WHAT THE EXERCISE ASKS
Everything from the line with "신혼집에서 사용하던 기존" to the final line of the entries is to be set down exactly, except the pictures.
------------------------------------------------------------
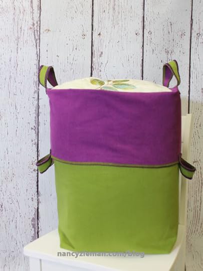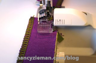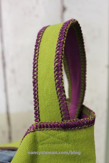 Decorative threads in the upper and lower loopers creates a beautiful finished edge for the tote top and handles.
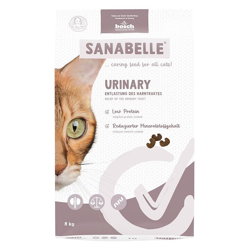 Sanabelle Urinary je krmivo pro kočky určené pro podporu zdravého močového systému. Granule pomáhají předcházet tvorbě struvitů nebo oxalátů v moči a odlehčují ledvinám. Mají nižší obsah bílkovin a některých minerálů, přitom jsou chutné a lehce stravitelné.
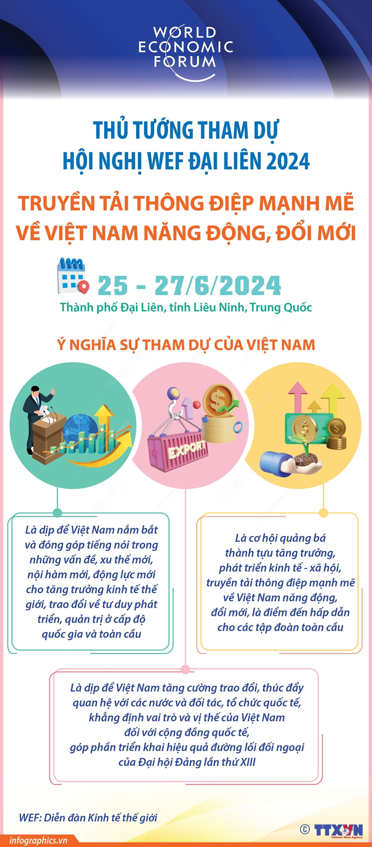 WEF Đại Liên 2024 được kỳ vọng là nơi hội tụ, kiến tạo những ý tưởng mới, các lĩnh vực mới, mô hình tiên phong, sáng tạo sẽ định hình các ngành kinh tế trong tương lai. Với việc tham gia và phát biểu tại hội nghị cũng như việc thông qua cuộc hội ngộ với giới lãnh đạo, giới hoạch định chính sách và cộng đồng doanh nghiệp toàn cầu, việc Thủ tướng Phạm Minh Chính tham dự WEF Đại Liên 2024 mở ra cơ hội giao thoa, hội nhập cho kinh tế Việt Nam với kinh tế thế giới, là dịp để Việt Nam giới thiệu ra thế giới những thành tựu phát triển kinh tế - xã hội nổi bật thời gian qua, thể hiện hình ảnh một Việt Nam năng động, tích cực hội nhập, tự tin và nhiều sức hút đối với các tập đoàn toàn cầu, qua đó thúc đẩy hợp tác cùng có lợi, thu hút nguồn lực để phát triển đất nước. Cũng thông qua hội nghị lần này, chúng ta có thể nắm bắt những vấn đề, xu thế mới của kinh tế thế giới; cùng các bên trao đổi về tư duy phát triển, quản trị ở cấp độ quốc gia và toàn cầu; đóng góp vào xử lý các vấn đề chung của thế giới như thúc đẩy tăng trưởng, phát triển các ngành công nghiệp mới, ứng phó với biến đổi khí hậu, bảo đảm an ninh lương thực.
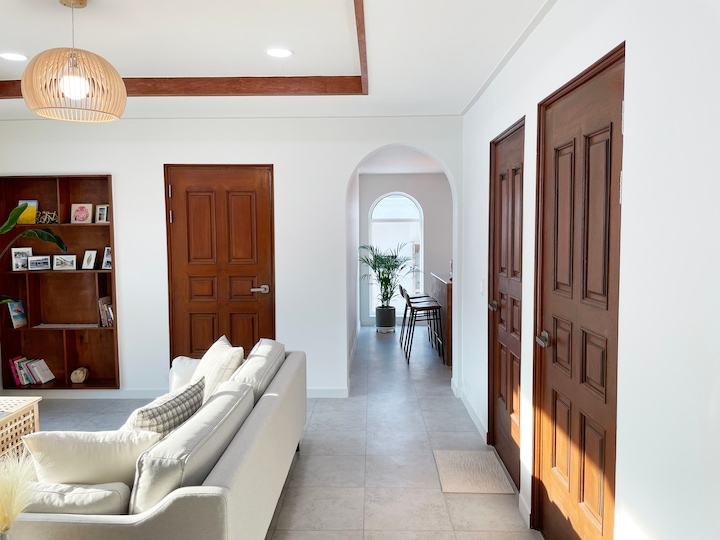 신혼집에서 사용하던 기존 원목 가구들에 잘 어울리는 집을 만들기 위해, 그리고 낡은 집을 완전히 탈바꿈하기 위해 전체 리모델링을 진행했습니다. 원목 가구를 받아줄 수 있는 나무색 마루와 페인트 도장 느낌을 주는 화이트톤의 벽지, 창호, 몰딩을 메인 테마로 디자인 했습니다.
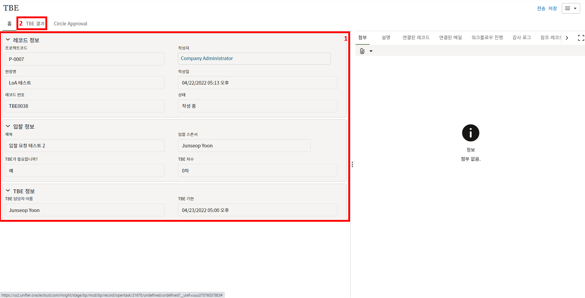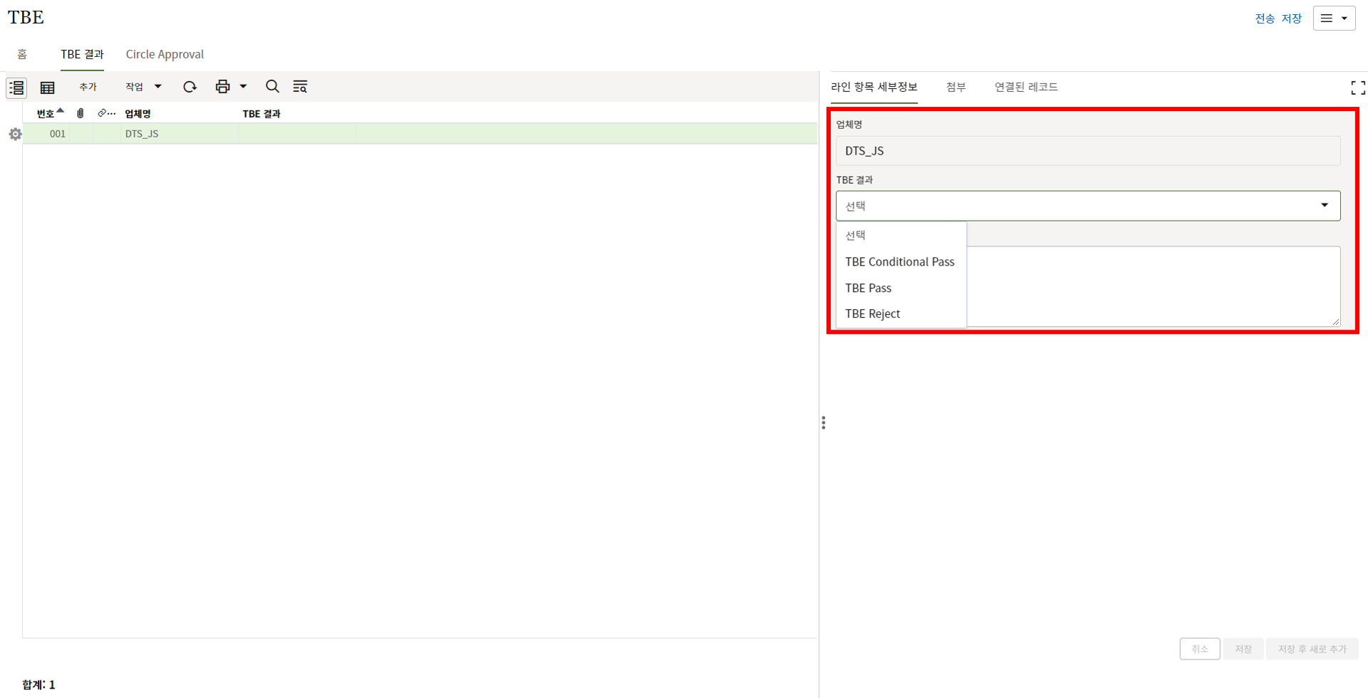 4. TBE 담당자는 상위 양식을 확인 후 결과 입력을 위해 "TBE 결과" 탭으로 이동합니다.
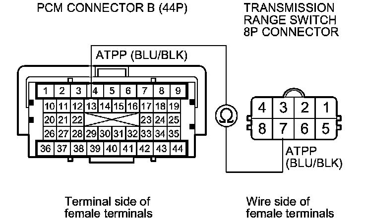 Repair an open in the wire between PCM connector terminal B13 and the transmission range switch 8P connector.�
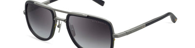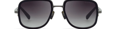 The DITA MACH-S DTS412 features a titanium front frame complemented by acetate detailing around the lenses. It includes titanium nose pads and acetate temple tips for enhanced comfort. The design incorporates a double nylor detail, and the lenses provide full UVA and UVB protection with an anti-reflective coating for optimal clarity.
------------------------------------------------------------
WRITTEN REPLY
 신혼집에서 사용하던 기존 원목 가구들에 잘 어울리는 집을 만들기 위해, 그리고 낡은 집을 완전히 탈바꿈하기 위해 전체 리모델링을 진행했습니다. 원목 가구를 받아줄 수 있는 나무색 마루와 페인트 도장 느낌을 주는 화이트톤의 벽지, 창호, 몰딩을 메인 테마로 디자인 했습니다.
 4. TBE 담당자는 상위 양식을 확인 후 결과 입력을 위해 "TBE 결과" 탭으로 이동합니다.
 Repair an open in the wire between PCM connector terminal B13 and the transmission range switch 8P connector.�
 The DITA MACH-S DTS412 features a titanium front frame complemented by acetate detailing around the lenses. It includes titanium nose pads and acetate temple tips for enhanced comfort. The design incorporates a double nylor detail, and the lenses provide full UVA and UVB protection with an anti-reflective coating for optimal clarity.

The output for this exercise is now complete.